But before Arnold started hurling lightning bolts and jabbering about little fairy wings, Bites noticed something funny in the introductory remarks Assembly Speaker Fabian Núñez gave the state’s constitutional officers, justices and other top officials.
Núñez welcomed “the Honorable Cruz M. Bustamante,” the state’s ever-dynamic Lt. Guv; and “the Honorable Bill Lockyer,” California’s crime-fighting attorney general. But next, Núñez introduced “Mr. Kevin Shelley,” the multiple-scandal-plagued secretary of state whose missteps are drawing so much attention that it threatens to undermine the donkey party’s power.
Had Shelley somehow been demoted, or stripped of his courtesy title, Bites wondered? Not really, it turned out.
Núñez corrected himself after what was surely an awkward half-second for Shelley, restating his intro to say “Honorable Kevin Shelley.”
Everyone else got the “Honorable” treatment, down to the Board of Equalization members. But just so Shelley didn’t have to feel bad, Núñez subsequently did the same “Mr.—oops!—Honorable” thing with Insurance Commissioner John Garamendi, who, as far as Bites knows, isn’t about to be hauled before a legislative committee and grilled about alleged improprieties.
So, at least Shelley was spared one embarrassment …

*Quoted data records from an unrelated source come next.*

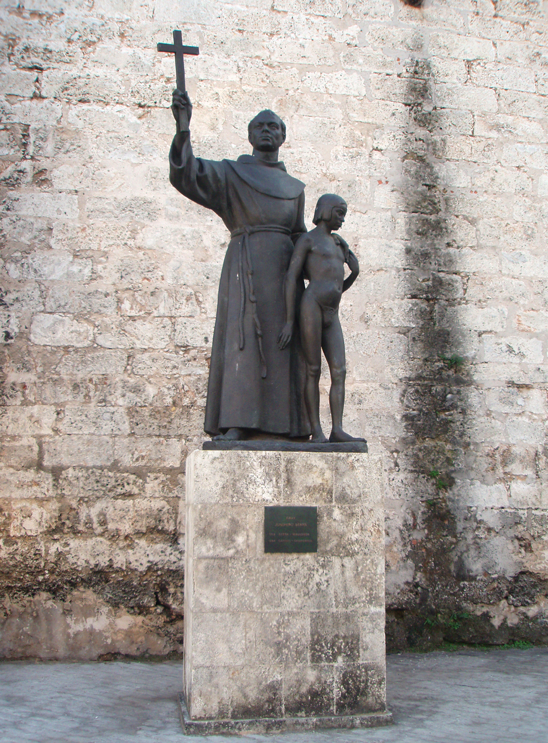 Monument of Junípero Serra (with Juaneño Indian boy) on plaza de San Francisco de Asis in Havana. Located next to Basilica Menor de San Francisco de Asis (Havana). Information about the statue: [1]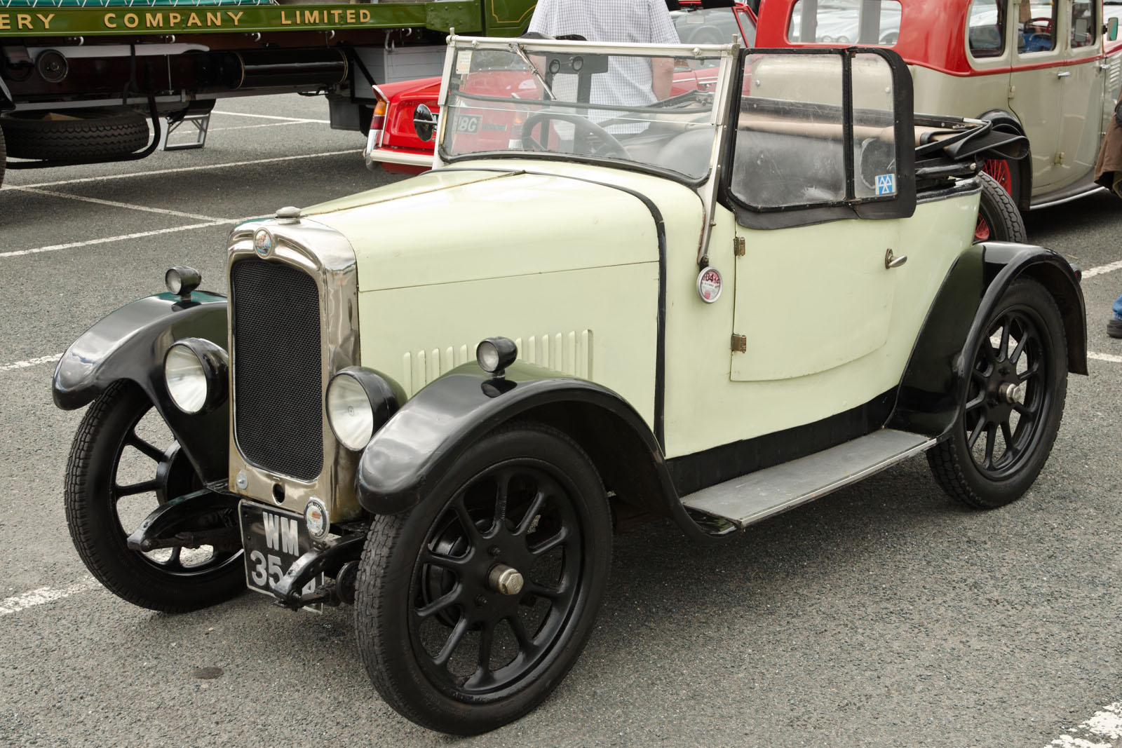 Triumph Super Seven, 1929 (DVLA) first registered 22 June 1929, 832cc North Cheshire Classic Car Club at Ellsmere Port 11/08/2013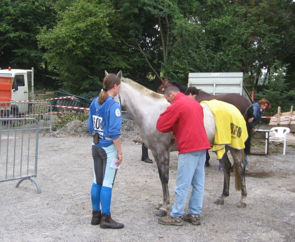 A veterinary inspection in an endurance ride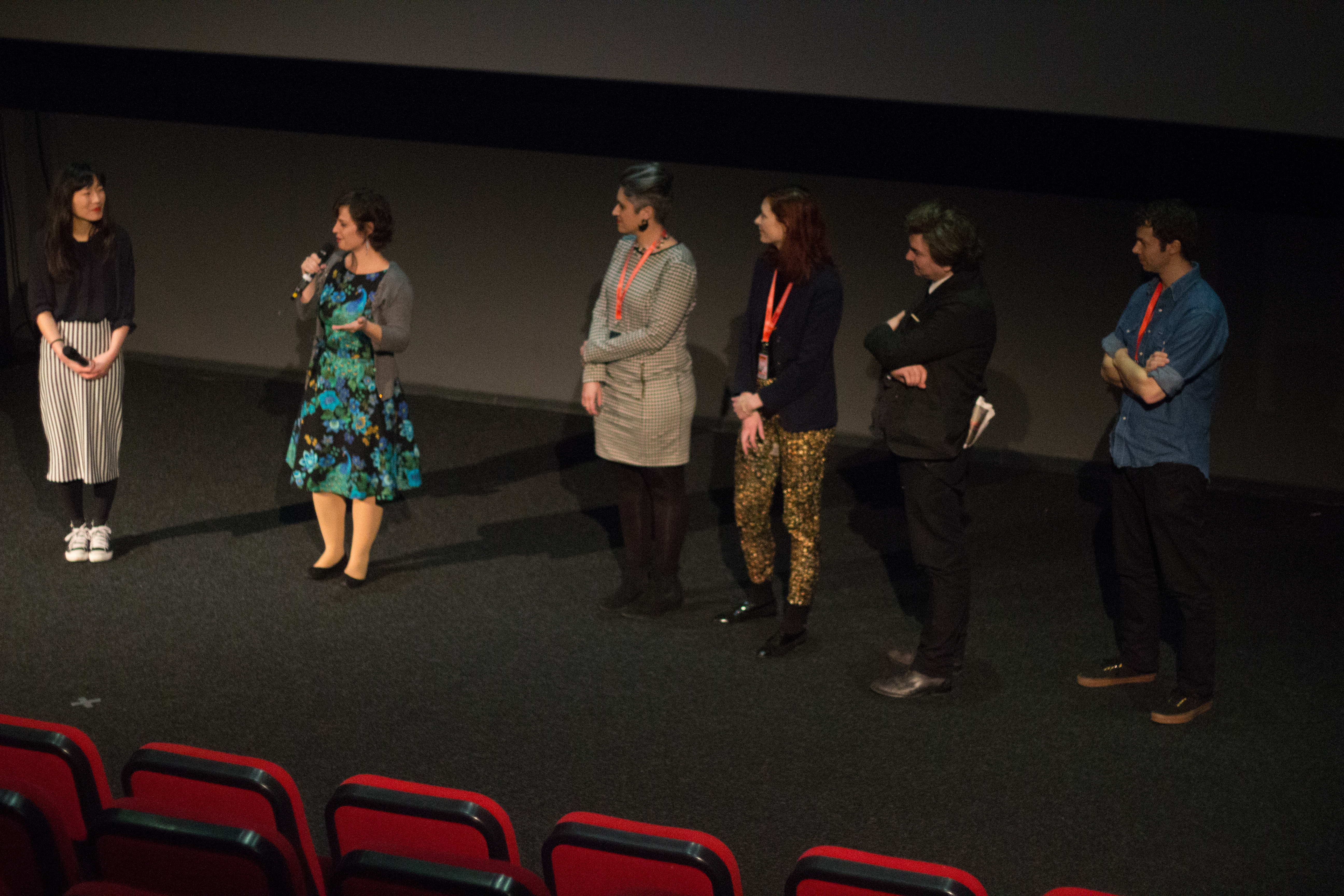 Penny Lane & co at the Q&A of the international premiere of the documentary film NUTS!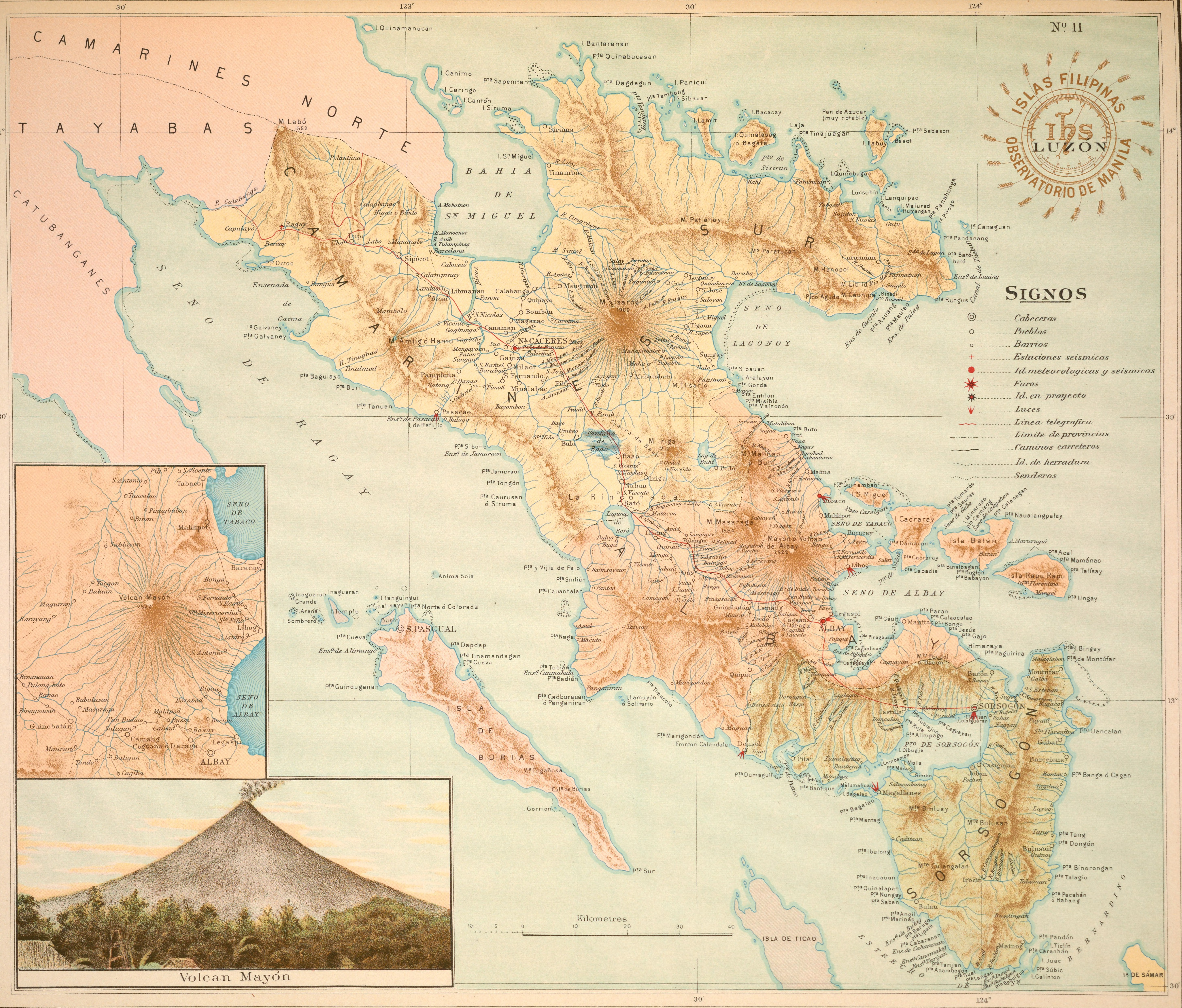 Title: Atlas of the Philippine Islands Year: 1900 (1900s) Authors: Algué, José, 1856- Algue, P. Jose, 1856- U.S. Coast and Geodetic Survey Subjects: Publisher: Washington : Govt. Print. Off. Text Appearing Before Image: UNITED STATES COAST AND GEODETIC SURVEY. N9 Text Appearing After Image: UNITED STATES COAST AND GEODETIC SURVEY. N? 12.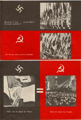 A document from the collection of Henri Max Corwin, depicting the Propaganda methods in the communist Russia and in the national-socialist Germany.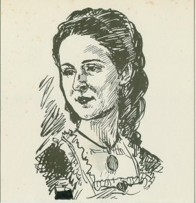 Alejandrina Benítez de Gautier (1819–1879.) Summary My personal drawing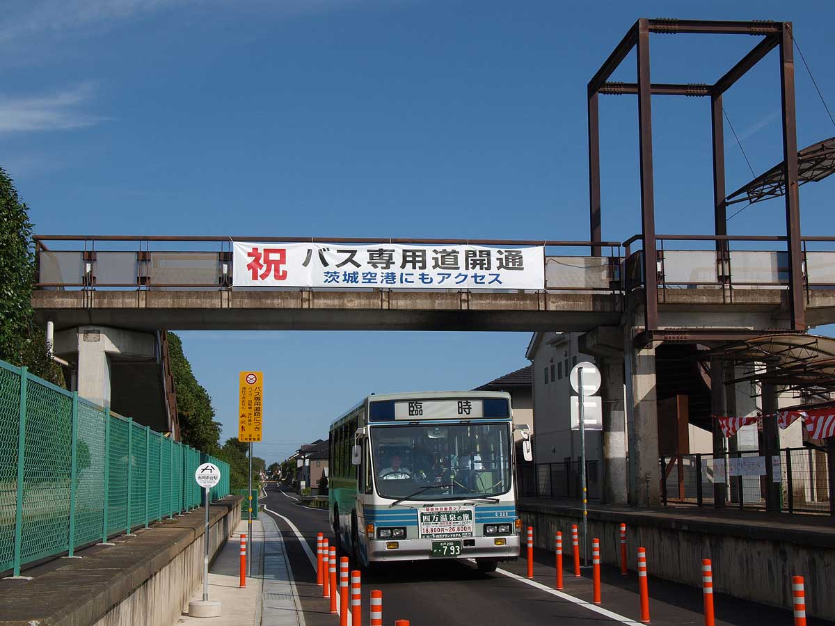 Kantetsu green bus at Ishioka minamidai station. This is replacement bus of Kashima railway.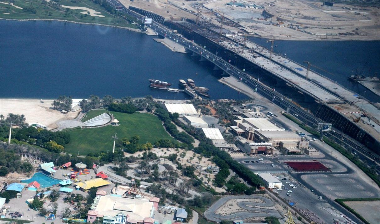 This is a photo showing the New Al Garhoud Bridge, crossing Dubai Creek in Dubai, United Arab Emirates, on 18 October 2007. This photo was taken from a helicopter ride courtesy of Nakheel.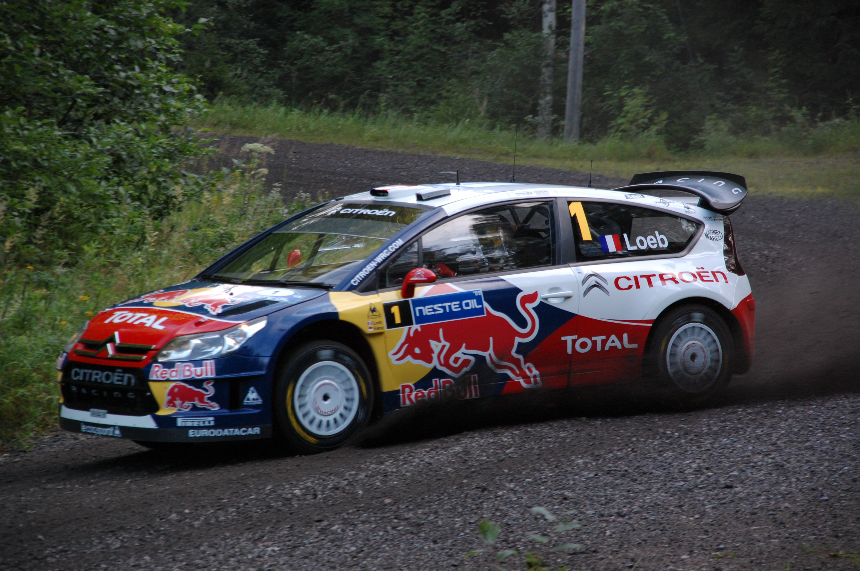 Sebastien Loeb - 2009 Rally Finland. More pictures on my website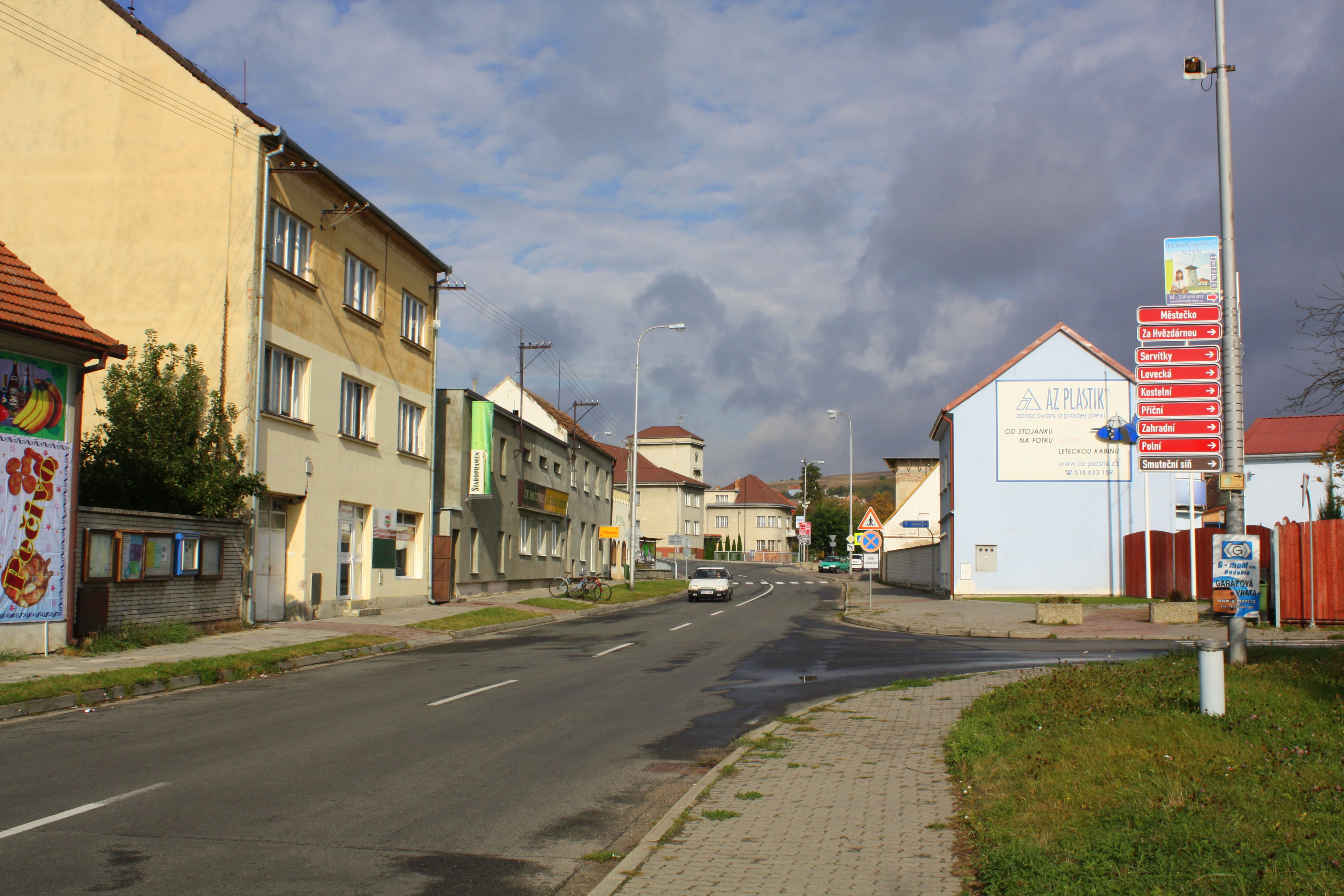 Ždánice, Hodonín district, Czech Republic - main street

She’s a man, baby: Even in these uncertain times, all of us still can agree and even take comfort in the fact that there is, surely, but one Condoleezza Rice. The only national security adviser to refer to the president as “my husband,” Condi faced a tough interrogation this week by Senator Barbara Boxer at her secretary-of-state confirmation hearings. (Anybody notice what cojones Boxer is showing now that she’s been re-elected for another six-year term? Too bad Dianne Feinstein, who’ll be up for re-election next year, isn’t exactly backing her colleague.) So, upon hearing that a Condi imitator would be appearing at Christine Craft’s “Coronation Protest” on Thursday, Bites was intrigued. Who could possibly take on such a role? Will she and the Bush impersonator be smooching it up on the podium like their real-life counterparts? Inquiring minds had to know.
And that brings us back to the whole cojones thing. It turns out Craft’s search for the perfect Condi ended up with her finding a man for the job, one who was willing to transform himself into the good Dr. Rice with help from his personal stylist. Craft told Bites that “Heidi”—whose real name is Mike—will apear in full Condi regalia, complete with pageboy haircut and 5-and-a-half-inch stiletto heel bondage boots.
So, when the local Air America personality leads a crowd of kazoo-wielding protesters from Cesar Chavez Plaza to the state Capitol on the morning of January 20, be on the lookout for Sacramento’s own drag-queen Condi. Hell, if it wasn’t Not One Damn Dime Day (see www.notonedamndime.com for info about the Inauguration Day consumer boycott), “George” could even buy her a drink.
No shill left behind: Armstrong Williams has gotten a show of support from an influential Sacramentan. Kevin Johnson, writing in the St. Hope newsletter, says he’s proud to call himself a friend of Williams and has spent “countless hours” with him discussing politics, sociology, sports and other current events. Although Johnson acknowledges Armstrong exercised “flawed judgment” in accepting a quarter-million dollars from the Bush administration to promote No Child Left Behind, he argues that his ally in the battle for school reform had had his views “set in stone” for years already.
This may be a good time to point out that, unlike Armstrong, Bites is ideologically flexible—ready, willing and able to sell out to left, right or center for the right price. By the way, Kevin, has Bites told you how wonderful the new Sac High is? As a halfway measure toward the complete and inevitable privatization of public education, you charter schools simply can’t be beat! (P.S. Please make checks payable to Bites, SN&R, etc., etc.)